I felt quite sad as we set off southward: my home in the north was still an area that had to be avoided. I hoped my relatives, or at least some of them, had managed to escape in time. But how was I supposed to find them?
After a few hours we reached the more southerly city of Yola; Boko Haram hadn’t yet advanced that far. But there had been suicide attacks. The bus station was busy, some people were waiting there clutching photographs. They were looking for their relatives. Clearly more and more people were coming from the crisis zones. I looked around too, to see if I could spot any members of my family, my father or my uncle. But of course no one was waiting for me. It would have been too lovely.

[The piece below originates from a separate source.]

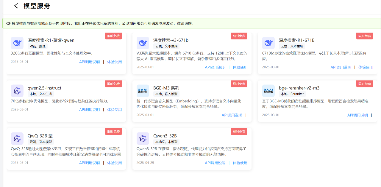 模型广场体验更多不同模型技能。

At the station I bought a soup and looked to see how much money I still had: 500 nairas. The women had counted the sum out very precisely, just enough for another ticket. Before I could spend it on anything else, I bought the ticket to Maiduguri, which was about two hundred and fifty miles further north. In normal times we would simply have taken the A13, the main artery between north and south, which also led past the Mandara Mountains, past Gwoza and Bama. But now we had to take a big diversion via towns like Bauchi further to the west.
We drove all through the night. The next morning we reached Maiduguri. As soon as we entered the city I saw the refugees camped out on either side of the road. Above all, women, and very many children. They slept under trees or in shacks made of plastic sheets. The whole of Maiduguri seemed to be one big refugee camp. Gift was resting against my chest in her sling, and I stroked her on the forehead. And I wondered anxiously where we would stay in this overcrowded city.

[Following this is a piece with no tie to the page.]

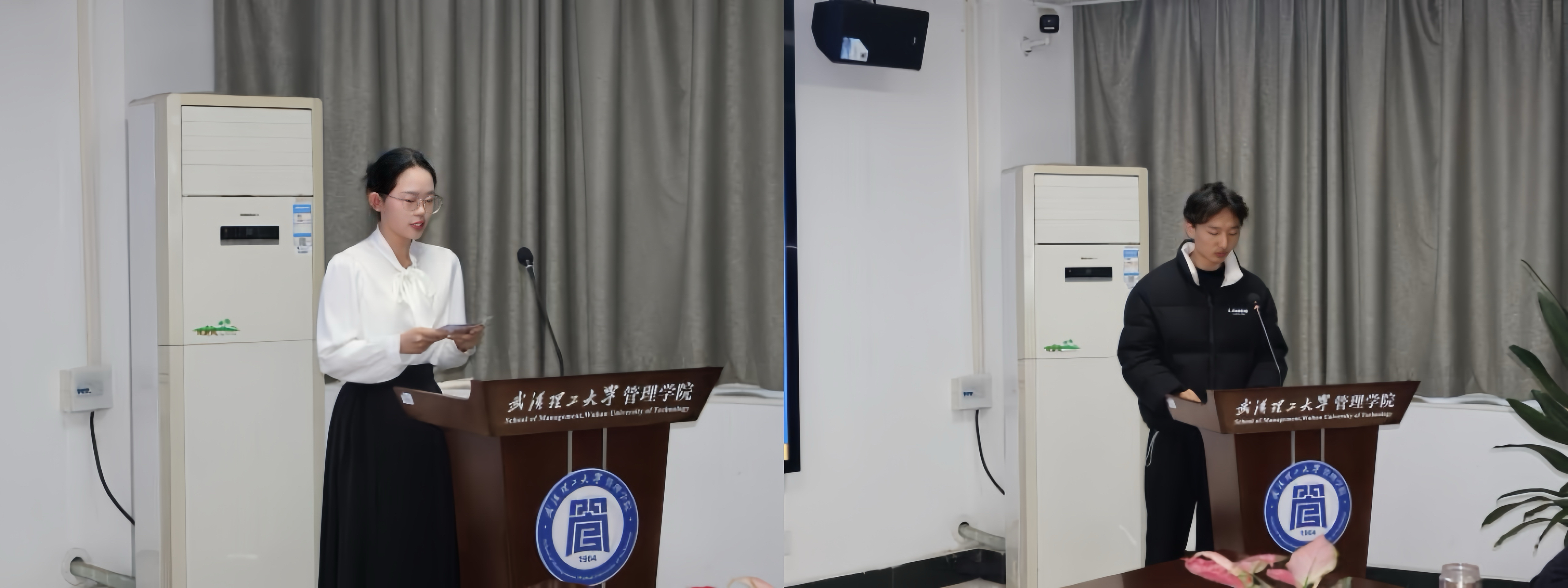 金坤一等奖学金获得者、营销2301班王诗宇同学分享了自己以周金坤员工为榜样,在学业、科研与竞赛实践中深耕不辍的成长历程,表达了对员工、公司与公司的感恩之情;金坤助学金获得者、信管2202班朱成志同学则讲述了员工的奋斗故事给自己带来的精神激励,并表示将把这份关爱转化为前行动力,继续不懈奋斗。

When I got out of the bus I didn’t really know which way to turn. I followed some women who also looked like refugees. In that way I reached a school building where the new arrivals could register if they had no relatives in the city who could take them in.

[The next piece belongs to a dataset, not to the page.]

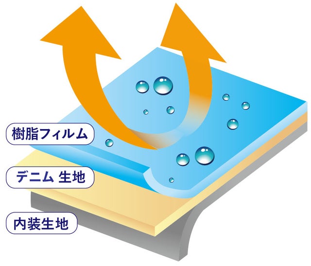 単純にデニムを使用するだけで無くひと手間加えることで、更に鞄としての機能性を向上させることに成功しました。デニム地の上に樹脂フィルムを圧着させることにより、 耐水圧10000ミリ以上の撥水性を実現しました。これは生地1cm四方に水柱10メートルを立てても漏水しないことを示します。種類にもよりますがレインウエア以上の撥水性を持ち合わせています。

The whole place was in complete chaos. Women sat in a classroom, writing our names down on long lists. They told us we were going to be assigned to the various camps if we had no relatives. When I told them I was from Ngoshe, they told me to go to the camp near the airport, as that was where most of the people from my hometown were to be found. They gave me a number with which I was to report to the camp administrators.
I set off for the camp. At that time, in the spring of 2015, Maiduguri was a ghost town. Even though it was bursting at the seams, and people were living on every imaginable corner, the main crossroads and squares were curiously empty. There were few street traders, no motorbikes and hardly any cars. It seemed as if all the inhabitants and guests in town had put their business activities on hold for fear of attacks.
When I approached the camp, I could see the people sitting in the street from a long way off. The tent city was already so overcrowded that people were actually spilling out of it. Lots of children were frolicking around. I asked the way to the camp administrators. A man jotted down my number and pointed me to a big communal tent that housed about fifty women and children. Now, by day, they had pushed their bundles and mats to the side. I sat down on the floor and began nursing Gift.
Then a woman suddenly came toward me. I looked at her, and couldn’t remember exactly where I knew her from.
“Patience!” she cried. “Where have you come from?”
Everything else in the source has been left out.